Recent progress in aerodynamic modeling methods for flapping flight

Abstract

The special aerodynamic characteristics of insects have attracted the interest of biologists and engineers. In this paper, aerodynamic modeling methods for flapping flight are systematically reviewed in detail, especially those methods developed in the past ten years. The differences among kinds of methods, the development of each type of methods, and their applications for different flight conditions are discussed in detail. First, steady-state and several representative models are presented. The applicability of this simple model decreases when it is applied to predict the loads on small insects. Next, this paper provides a detailed description of quasi-steady (QS) models and divides these models into three groups: Osborne, Walker, and Dickinson models. Osborne models are suitable for cases with a low flight speed and flapping amplitude. Walker and Dickinson models rely on experimental and numerical data to improve the QS models for predicting nonlinear aerodynamic forces. The total forces in Walker models are divided into circulatory and non-circulatory parts. Dickinson models are established according to different high-lift mechanisms.
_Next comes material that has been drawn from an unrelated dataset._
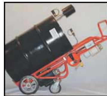
Obrázek 6. Kombinace vozíku sudů / filtračního vozíku. Přenosový systém předčistí olej.

Pro provozy, kde se využívá velké množství několika typů maziv, je nejvhodnější hromadný zásobník s distribučním potrubím do požadovaných míst. Při určování ideálního místa pro skladovou místnost je potřeba brát v úvahu několik bodů.. Tankery by měly mít snadný přístup k sudům a elektrické energii pro čerpací jednotky. Velkoobjemové obaly můžou být statické - s doplňováním maziva z tankeru nebo přenosné kontejnery - dodány, napojené, použité a pak se odstraní pro opětovné naplnění.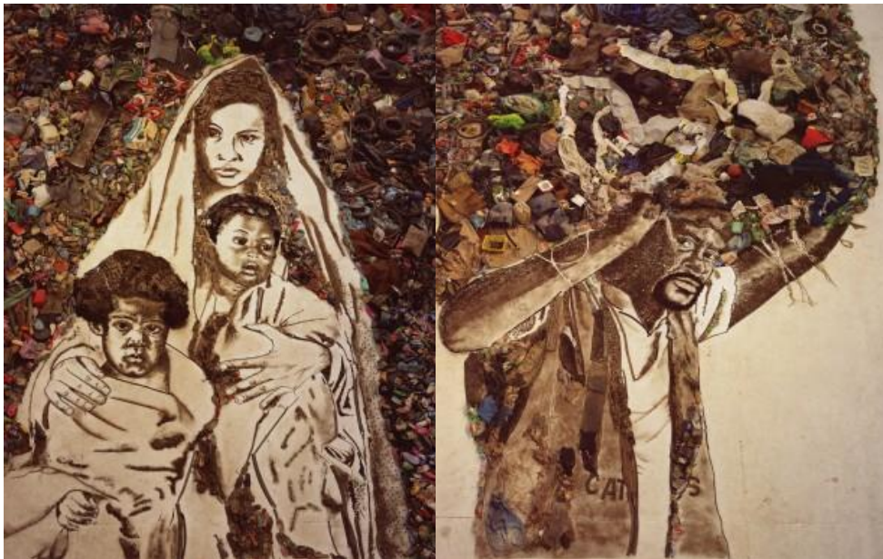
Figura 8. Vik Muniz, Pictures of Garbage: Mother and Children (Suellen); Atlas (Carlão), 2008.

Certeau 36 ao analisar as possíveis relações entre a arte com o lixo, no caso, da arte com a sucata, compreende essa construção a partir de uma estrutura social de poder. A utilização da sucata é vista pelo autor “como golpes no terreno da ordem estabelecida, pois o trabalho com sucata reintroduz no espaço industrial as táticas populares de outrora ou de outros espaços”. 37

A representative Dickinson model consists of translational, rotational, added-mass, and wake-capture components. These models provide reasonable predictions, except that their accuracy depends on empirical constants. Finally, unsteady models based on the traditional theory are examined, and several representative models are addressed. The assumption of Kutta-Joukowski conditions may not be suitable for high stroke amplitudes and flapping frequencies. Further challenges to improve aerodynamic modeling methods are mainly due to the present limited understanding of the flow complexities of various insects at low Reynold numbers.